This is the second in a series of posts in which I share my advice for candidates interviewing for tech companies, drawing on my experience as an engineer and interviewer at Google. If you haven’t already, take a look at the introduction to this series.

Before I start, a disclaimer: while interviewing candidates is one of my professional responsibilities, this blog represents my personal observations, my personal anecdotes, and my personal opinions. Please don’t mistake this for any sort of official statement by or about Google, Alphabet, or any other person or organization.

This was the first problem I used during my interviewing career, and it was also the first to leak and get banned. I like it because it hits number of sweet spots:

  • It’s easy to state and understand.
  • It has a number of solutions, each requiring varying degrees of algorithms and data structures knowledge. Also, a little bit of insight goes a long way.
  • Each solution can be implemented in relatively few lines, making it perfect for a time-constrained environment.

If you’re a student or otherwise applying to tech jobs, my hope is that you’ll come away from reading this with a better understanding of what to expect from interview problems. If you’re an interviewer, I’d like to share my thought process and stylistic approach to interviewing, the better to inform others and solicit comments.

Note I’ll be writing code in Python. I like Python because it’s easy to learn, compact, and has an absolutely massive standard library. Candidates like it, too: even though we impose no language constraints, 90% of people I interview use Python. Also I use Python 3 because c’mon, it’s 2018.

Join our Discord to discuss this problem with the author and the community!

The Question

Imagine you place a knight chess piece on a phone dial pad. This chess piece moves in an uppercase “L” shape: two steps horizontally followed by one vertically, or one step horizontally then two vertically:

Image for post
Pay no attention to the poorly-redacted star and pound keys

Suppose you dial keys on the keypad using only hops a knight can make. Every time the knight lands on a key, we dial that key and make another hop. The starting position counts as being dialed.

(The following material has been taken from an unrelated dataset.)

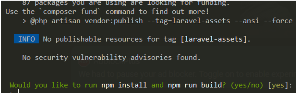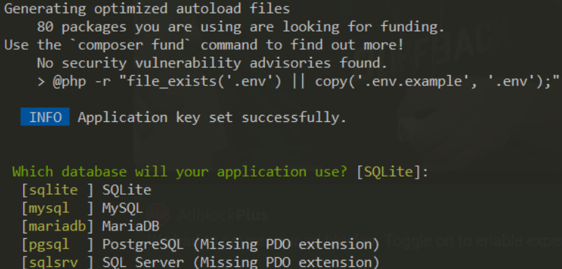 Setelah kunci aplikasi berhasil, database pertama yang digunakan adalah MySQL, dan setelah database dibuat, lakukan instalasi npm dan npm run build.

How many distinct numbers can you dial in N hops from a particular starting position?

Discussion

Every interview I conduct basically breaks down into two parts: first we find an algorithmic solution and then the candidate implements it in code. I say “we” find a solution because I’m not a mute spectator: 45 minutes is not a lot of time to design and implement anything under the best circumstances, never mind under pressure. I let candidates take the lead in the discussion, generating ideas, solving instances of the problem, etc., but I’m more than happy to give a nudge in the right direction. The better the candidate, the fewer hints I tend to have to give, but I have yet to see a candidate who required no input from me at all.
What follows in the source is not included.